Matt Whitlock suggested this on January 25, 2006. Andrew Shapira shaved
a couple operations off on Sept. 5, 2007 (by setting c=1 and
unconditionally subtracting at the end).
unsigned int v; // find the number of trailing zeros in v
int r; // the result goes here
float f = (float)(v & -v); // cast the least significant bit in v to a float
r = (*(uint32_t *)&f >> 23) - 0x7f;
Although this only takes about 6 operations, the time to convert an
integer to a float can be high on some machines. The exponent of the
32-bit IEEE floating point representation is shifted down, and the bias
is subtracted to give the position of the least significant 1 bit set in
v. If v is zero, then the result is -127.
unsigned int v; // find the number of trailing zeros in v
int r; // put the result in r
static const int Mod37BitPosition[] = // map a bit value mod 37 to its position
{
32, 0, 1, 26, 2, 23, 27, 0, 3, 16, 24, 30, 28, 11, 0, 13, 4,
7, 17, 0, 25, 22, 31, 15, 29, 10, 12, 6, 0, 21, 14, 9, 5,
20, 8, 19, 18
};
r = Mod37BitPosition[(-v & v) % 37];
The code above finds the number of zeros that are trailing on the right,
so binary 0100 would produce 2. It makes use of the fact that the first
32 bit position values are relatively prime with 37, so performing a
modulus division with 37 gives a unique number from 0 to 36 for each.
These numbers may then be mapped to the number of zeros using a small
lookup table. It uses only 4 operations, however indexing into a table
and performing modulus division may make it unsuitable for some
situations. I came up with this independently and then searched for a
subsequence of the table values, and found it was invented earlier by
Reiser, according to [Hacker's
Delight](http://www.hackersdelight.org/HDcode/ntz.c.txt).
unsigned int v; // find the number of trailing zeros in 32-bit v
int r; // result goes here
static const int MultiplyDeBruijnBitPosition[32] =
{
0, 1, 28, 2, 29, 14, 24, 3, 30, 22, 20, 15, 25, 17, 4, 8,
31, 27, 13, 23, 21, 19, 16, 7, 26, 12, 18, 6, 11, 5, 10, 9
};
r = MultiplyDeBruijnBitPosition[((uint32_t)((v & -v) * 0x077CB531U)) >> 27];
Converting bit vectors to indices of set bits is an example use for
this. It requires one more operation than the earlier one involving
modulus division, but the multiply may be faster. The expression (v &
-v) extracts the least significant 1 bit from v. The constant
0x077CB531UL is a de Bruijn sequence, which produces a unique pattern of
bits into the high 5 bits for each possible bit position that it is
multiplied against. When there are no bits set, it returns 0. More
information can be found by reading the paper [Using de Bruijn Sequences
to Index 1 in a Computer
Word](http://citeseer.ist.psu.edu/leiserson98using.html) by Charles E.

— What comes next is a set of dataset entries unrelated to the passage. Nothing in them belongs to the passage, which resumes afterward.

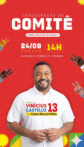 O candidato Vinícius Castello fará a inauguração do seu comitê eleitoral no próximo sábado (24). Um evento que contará com
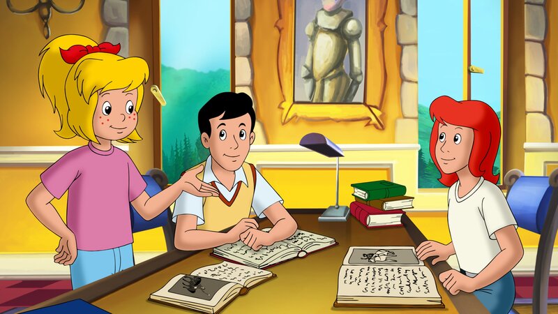 • Bibi (l.), Tina (r.) und Alex (M.) recherchieren, ob es Gründe gibt, wieso Alex auf einem Schimmel reiten muss.
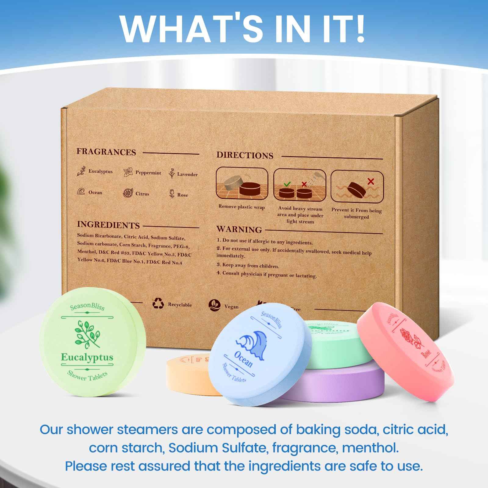 - Enhance the Showering Experience: SeasonBliss Shower Steamers add comfort and enjoyment to your shower with a burst of captivating scent that gives each shower an extra boost of pleasure
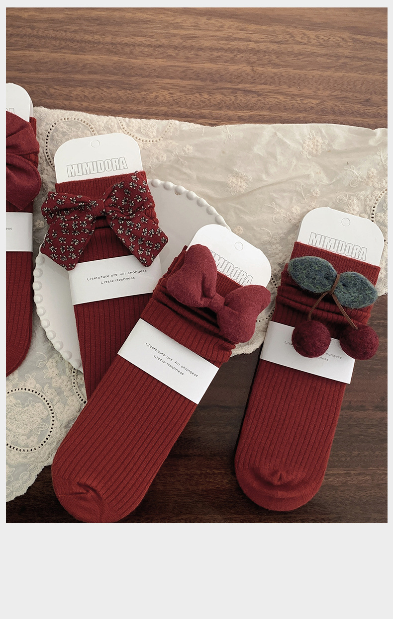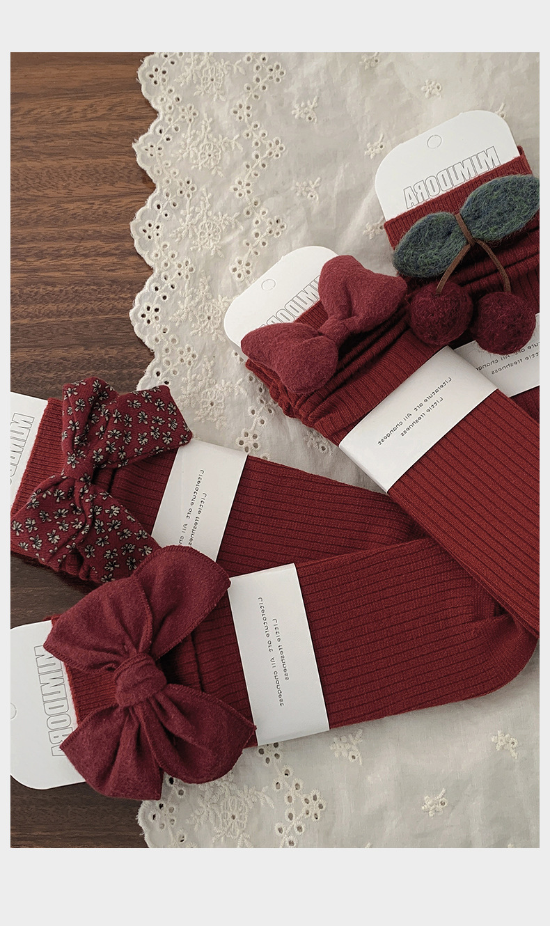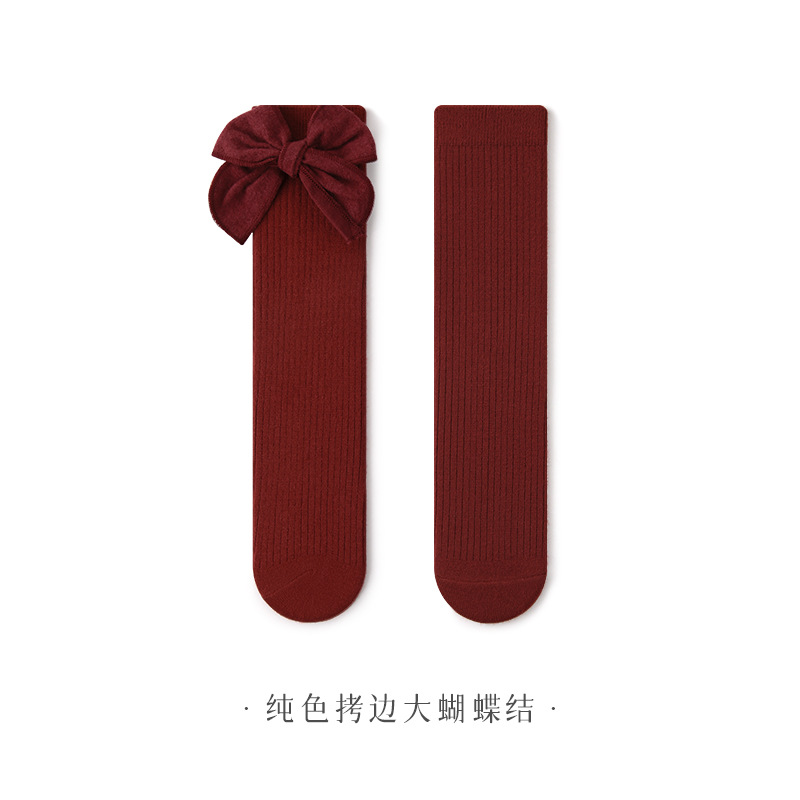 어린이 양말 가을과 겨울 새해 양말을 두껍게 한 아기 무릎 위 양말 소녀의 종아리 길이 양말 신생아 아기 스타킹 레드
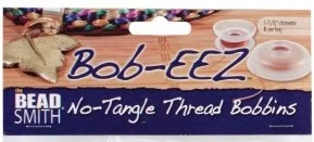Made of flexible plastic, these handy thread bobbins allows you to flip open the bobbin and wind string or ribbon on to the spool. Flip the plastic back down over the thread after you have wound it around the bobbin. The locking feature prevents threads from unraveling and tangling. The bobbins are stackable and will snap together for easy storage. For my tool bag and travel kit, I transfer an assortment of Fireline sizes and colors (4, 6, 8 and 10 in crystal and smoke) and label them. That way I always have whatever I need without those cumbersome spools.

Leiserson, Harald Prokof, and Keith H. Randall.
On October 8, 2005 [Andrew Shapira](http://onezero.org) suggested I add
this. Dustin Spicuzza asked me on April 14, 2009 to cast the result of
the multiply to a 32-bit type so it would work when compiled with 64-bit
ints.
unsigned int const v; // Round this 32-bit value to the next highest power of 2
unsigned int r; // Put the result here. (So v=3 -> r=4; v=8 -> r=8)
if (v > 1)
{
float f = (float)v;
unsigned int const t = 1U << ((*(unsigned int *)&f >> 23) - 0x7f);
r = t << (t < v);
}
else
{
r = 1;
}
The code above uses 8 operations, but works on all v \<= (1\<\<31).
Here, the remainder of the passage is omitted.